税と対峙する – 41

平成17年12月05日号(第2308号)

消費税増税は事業者を直撃する
預かっていない消費税を負担させられる恐怖

  消費税の増税論議が、具体化してきている。結局、財政再建という名目に対しては行政改革より税収確保の方が簡単なのであろうか。一部の役人の利害が、大多数の国民の声を殺すのであるから、大変なものである。

 ところで通常の場合、税の論理は少数意見を押さえつける方向で進む。消費税増税で実際にターゲットにされる負担者は、実は消費者でなく消費税を預かる事業者である。消費税は納税者である消費者が、物を買ったりサービスの提供を受けた場合、その相手方である事業者に預けることになっている。事業者はこの預った消費税を自己の決算期に、自らが支払った消費税との差額を計算して国に納めるのである。

 さて、現在消費税は税込が義務化されている。したがって、消費者は見えない消費税がいくらかということより、商品全体でいくらかということに関心を持つのは当然である。とすれば、消費税率が切上げになった場合、消費税がいくら増えたかより結局そのものの値段がどれだけ上ったかが身銭を切る立場の最重要事項なのである。当然、事業者は競合相手との挟間で、商品の総額を押さえなければならず「消費税分だけあがってます」などという理屈は現場では通らない話しなのである。

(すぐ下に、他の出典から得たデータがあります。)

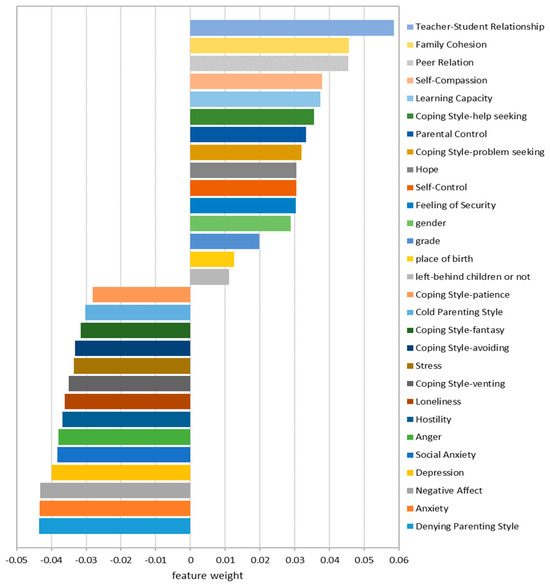 In our study, 22 individual features varied widely in importance. Negative affect and anxiety were the crucial predictors (score = 0.043), ranked 4th and 5th, respectively. Depression, self-compassion, anger, social anxiety, and hostility also occupied crucial positions (score = 0.038/0.037). Except for self-compassion, the other positive features ranked lower in importance: security scored 0.03, self-control scored 0.03, and hope scored 0.03. Demographic variables scored low in feature importance: Gender scored 0.029, grade scored 0.02, place of birth scored 0.013, and left-behind children or not scored 0.011.
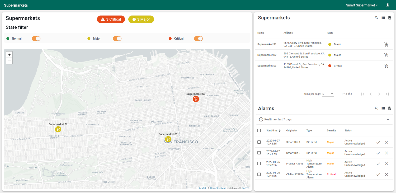 Supermarket management状态用于在零售公司(customer)范围内管理超市。该仪表板状态在地图上显示超市并在表格中列出超市。 超市为可包含多台设备及若干属性(平面图、地址)的资产。
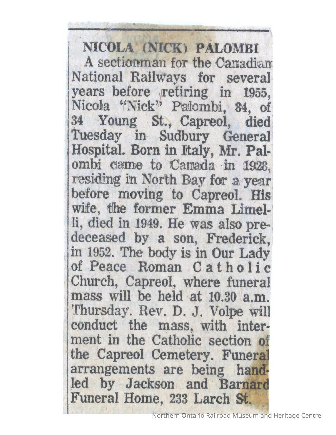 Document, Obituary, Nicola (Nick) Palombi.Collection
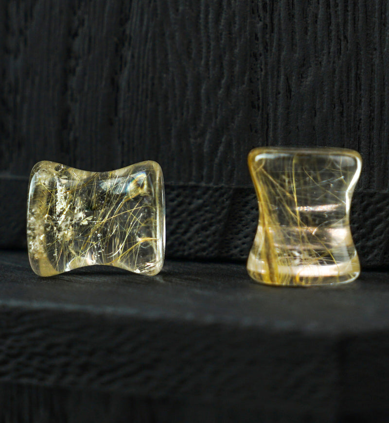 Rutilated Quartz Stone Plugs 0G (8mm) Version 1

 話は変わるが、芸能人の出演料などは、昔から所得税の源泉徴収が10%されることとなっている。たとえば、ギャラが10万円なら、本人への実際の支払額は10%である1万円を差し引いて9万円となる。しかし、それをきらって「手取り10万円」というやり方が多くみられ、その為、書面上の支払い額は111,111円となり、その10%の11,111円を差し引いた10万円を渡すことになるわけである。しかし、支払い者は当然その11,111円を国に納めるわけだから、結局負担額は111,111円となってしまう。自動的に負担額が11,111円増えるのである。これなども本来の形を無視して、当事者の感覚が優先される現場の実務であり「ババ」をひくのは事業者なのである。 消費税において、少数弱者である事業者はまさにその役回りをさせられることとなる。事業者が消費税を納めるにあたって、消費税をいくら預かったのかは問題にならない。あくまで事業者の収入(消費税を預かる取引)がいくらあるかが問われる。そしてその収入のうち―現在は5%が消費税になるということに過ぎず、仮に税率が8%になれば、8%が消費税であるという計算が無機的にされるだけである。したがって、税率切上後も価格を据え置きにした場合、増税となった3%部分は消費者ではなくすべて事業者の負担になってしまうということなのである。預かっていなくても、預かったとされるこの消費税の仕組が、必ず税率切上げにおいて事業者の側に降りかかることを忘れずに、税率切上げ阻止を訴える必要があるのだ。